/OCR

A simple OCR to recognize Upper and Lower case English alphabets

Primary LanguagePythonMIT LicenseMIT

OCR

A simple OCR to recognize Upper and Lower case English alphabets

Dataset

It consists of upper and lower case alphabets. Each having almost 200 image samples. And Each sample is written in a different font.

Method

Preprocessing

  • Binarization - The images are binarized, i.e., the pixel intensities are converted to either 0 or 1, depending on whether they are greater than or less than a particular threshold [here it is 15].

  • Zoning - The binarized images are then processed for feature extraction. It is done by zoning technique.

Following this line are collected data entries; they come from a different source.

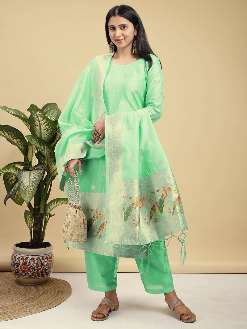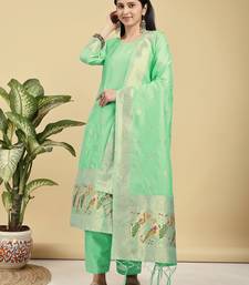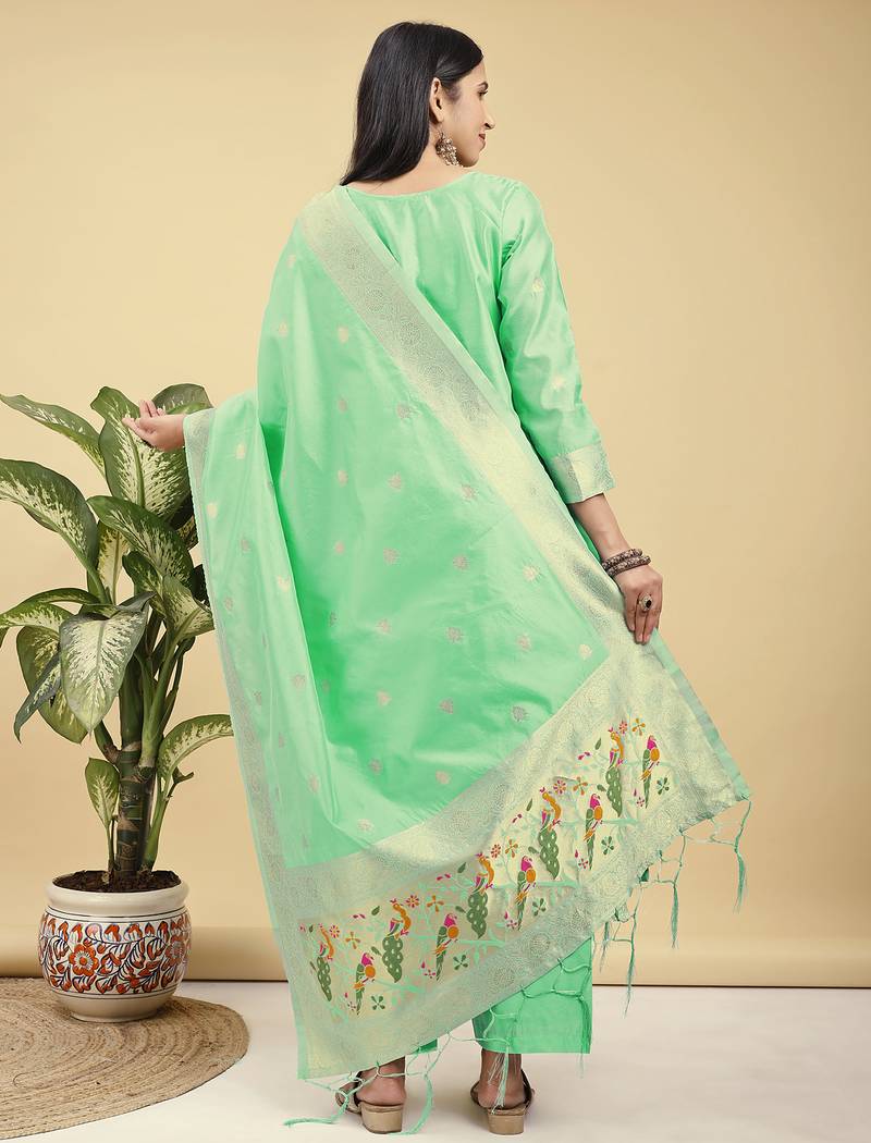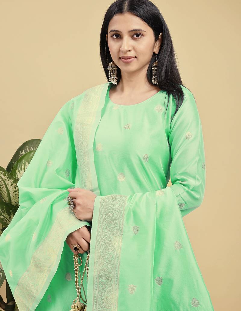 | Product Name | Readymade Light Green Color Pure Banarasi Silk Top Pent Dupatta Set | |
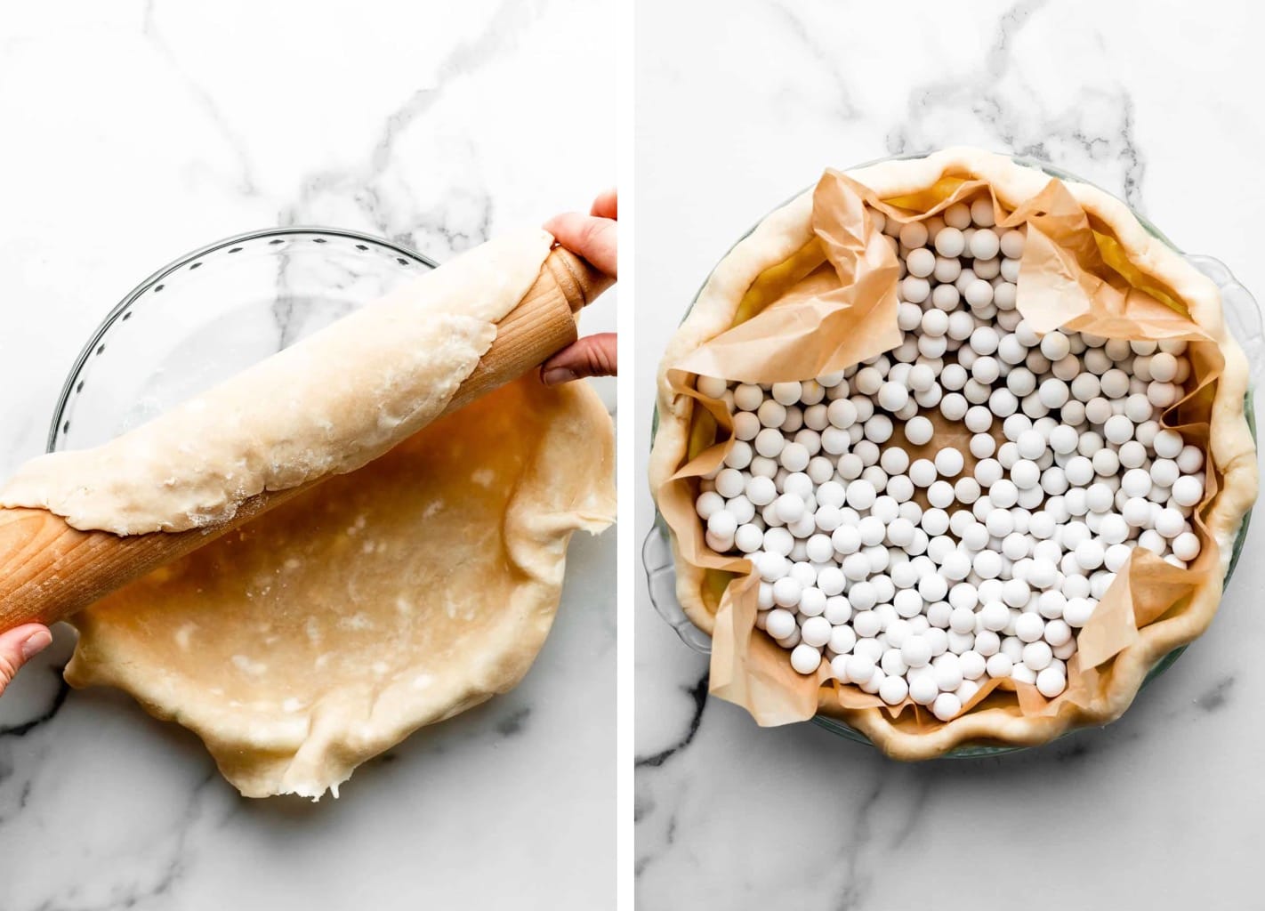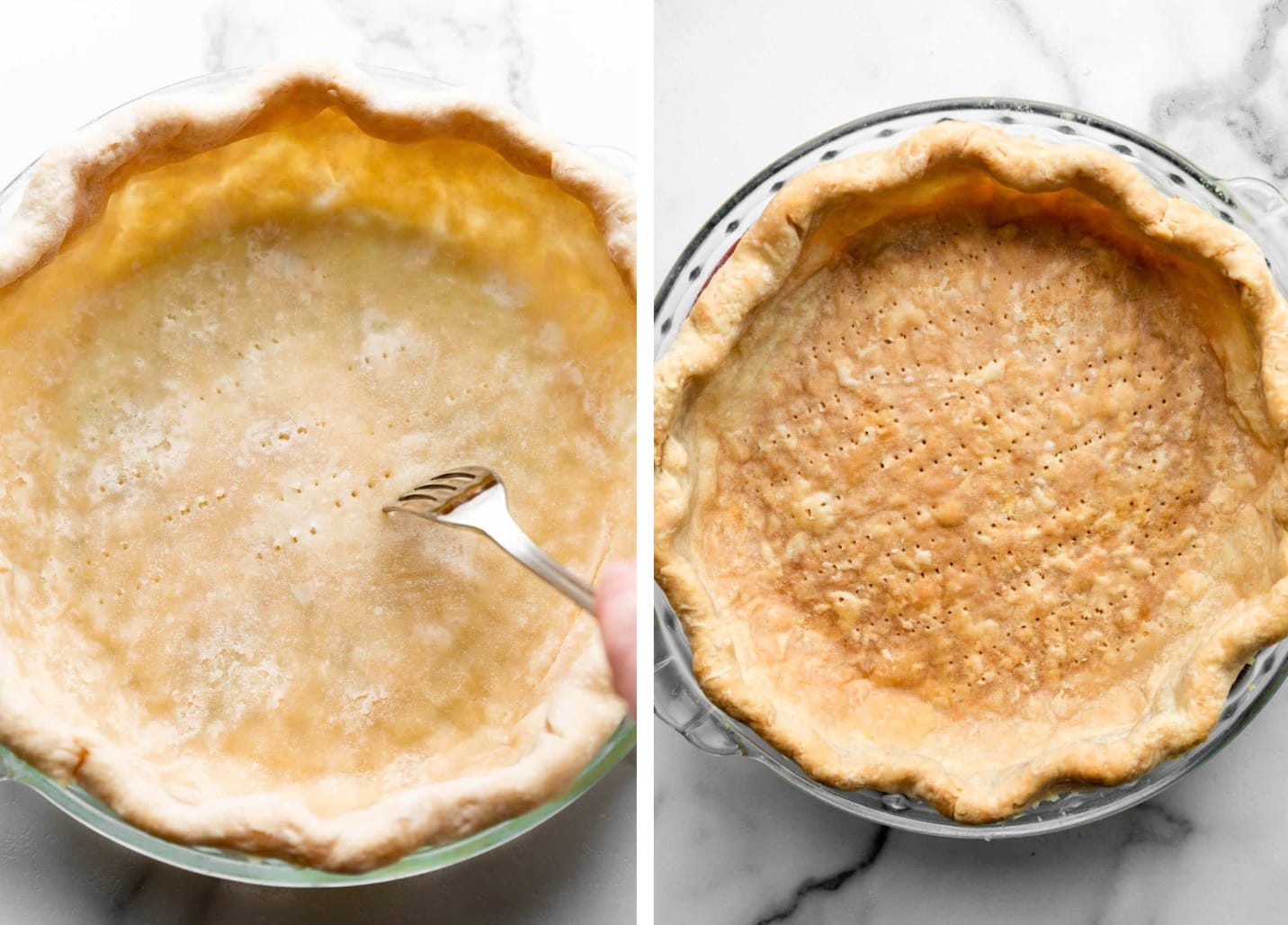 Preheat your oven to 375°F (190°C). Line the chilled crust with parchment and fill with pie weights. Bake for 15-16 minutes, then remove the weights and parchment. Prick the bottom with a fork and bake for another 14-15 minutes until browned.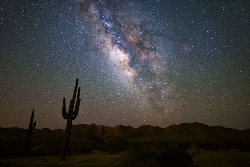米アリゾナ州フェニックス近郊ソノラ砂漠のサボテンと天の川(Getty Images)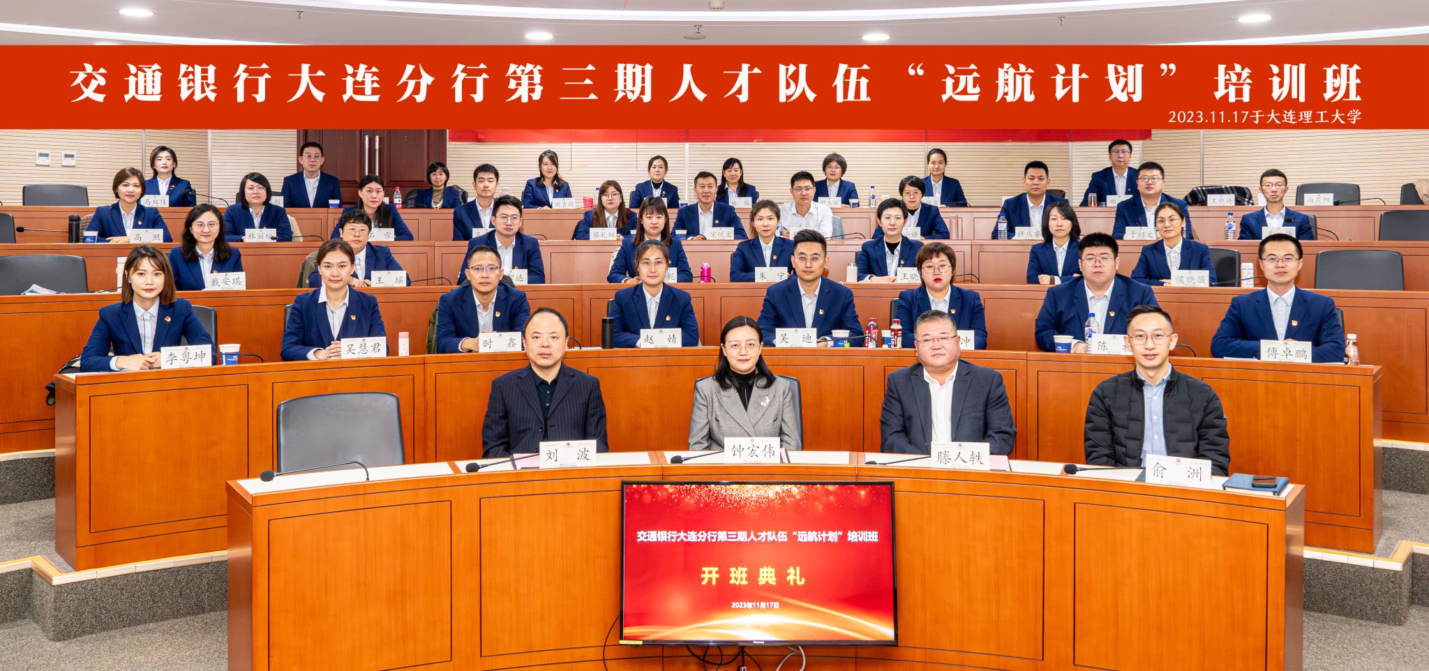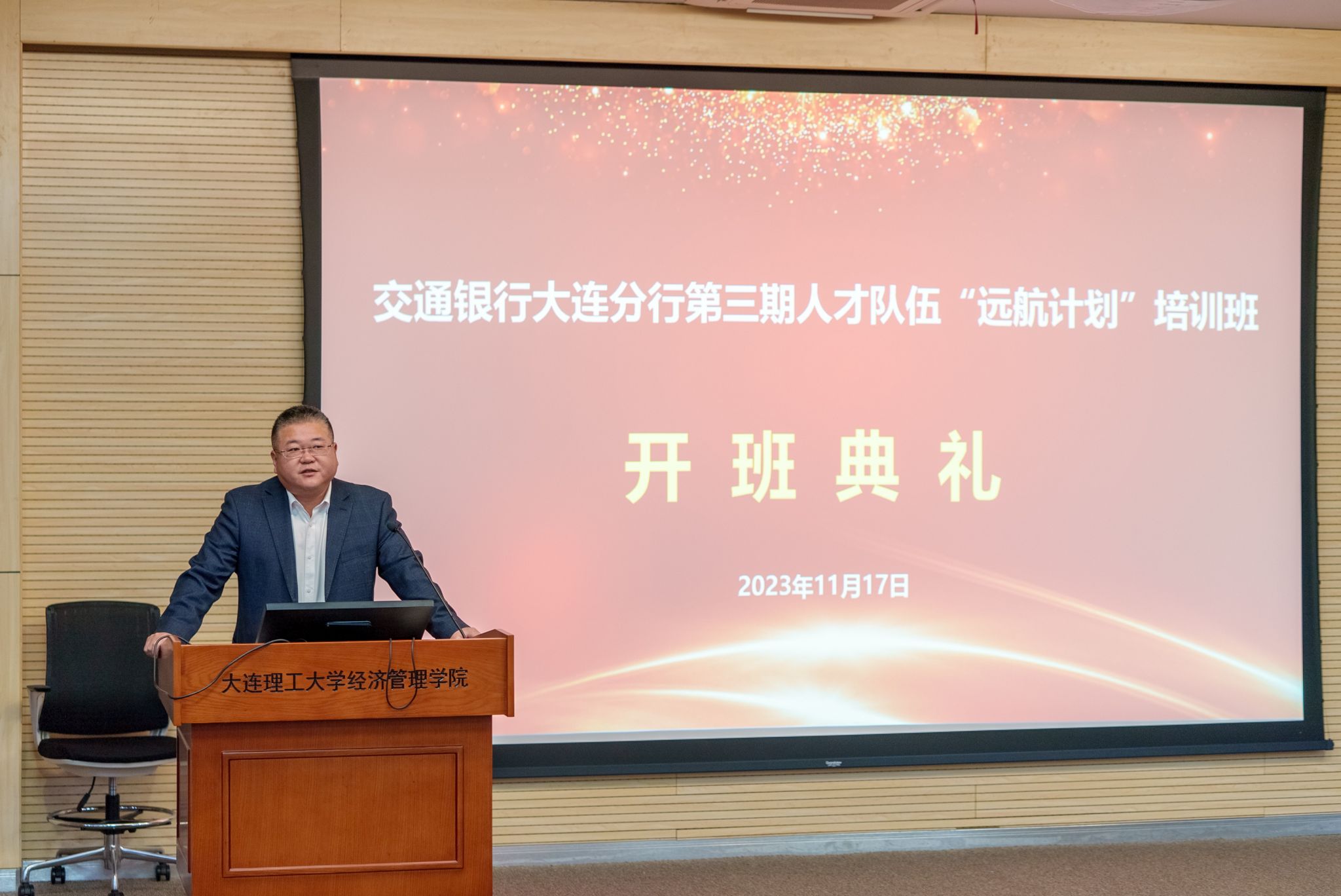 2023年11月17日,交通银行大连分行第三期人才队伍“远航计划”培训班在大连理工大学经济管理学院A301举行开班典礼。交通银行大连分行党委委员、纪委书记钟宏伟,党委组织部部长、人力资源部总经理刘波,大连理工大学经济管理学院副院长滕人轶,培训中心主任俞洲出席。经济管理学院培训中心周王予一主持了本次开班典礼。

Where in the images are divided into small blocks [like a grid] and then the number of one's in each block is calculated.

    For example, In this case, the images are divided into 16 blocks [4x4 grid]. The list of number of one's from these blocks forms the feature vector for the neural network.

Training the Neural network

  • Network configuration [1 hidden layer]
    • Input nodes - 16
    • Hidden nodes - 30
    • Output nodes - 26

Note - The number of nodes in input layer should be equal to the size of a feature vector.

  • Training The data is divided into Training [90%] and Testing sets [10%]. The network is trained on the training set and its accuracy is measure on the Testing sets.

Results

  • The results are logged in the zoning_log.txt file Highest Accuracy achieved by tweaking the parameters is 82.36%